Paper 01 · Conceptual definition
Preprint · 2026Auditable Decision Intelligence: A Decision-Centered Definition of Explainable AI for High-Stakes Decisions
A consequential AI decision is explainable when a qualified reviewer can externally reconstruct and contest its source-to-decision record — reconstructable, contestable, governable, and bounded.

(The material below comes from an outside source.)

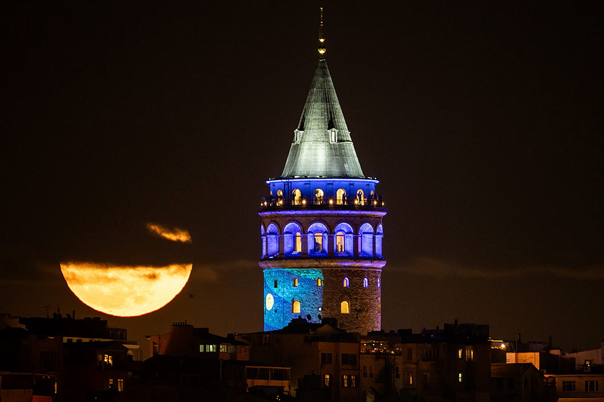 Это была неделя, когда весна ударно наступала на Северное полушарие, христиане-католики переживали Страстную пятницу, с мыса во Флориде запускали космический корабль к Луне. Мы же предпочли для главной полосы нейтральный, умиротворяющий снимок агентства Associated Press «Полная луна восходит за Галатской башней в Стамбуле».

In high-stakes AI, explainability is usually treated as the presence of an explanation artifact. We redefine it as an institutional property of a single consequential decision: the ability to reconstruct, contest, govern, and bound its source-to-decision record. The paper specifies the Decision Audit Contract (DAC) — the minimal record that makes one decision auditable — and shows the definition is a genuine contribution, not a relabeling of existing transparency work.
Reconstructable
The decision can be replayed from its recorded source-to-decision path.
Contestable
A reviewer can pinpoint the exact fact, rule, or judgment to challenge.
Governable
The record shows where the system may reason freely and where approval is required.
Bounded
Claims stay inside covered sources, valid context, and stated limits.
Falsifiable test
A system fully compliant with Kroll's accountable algorithms, Cobbe's reviewable automated decision-making, the EU AI Act (Art. 12 & 14), and NIST IR 8312 can still fail ADI — because none guarantees a per-decision source → claim → boundary link.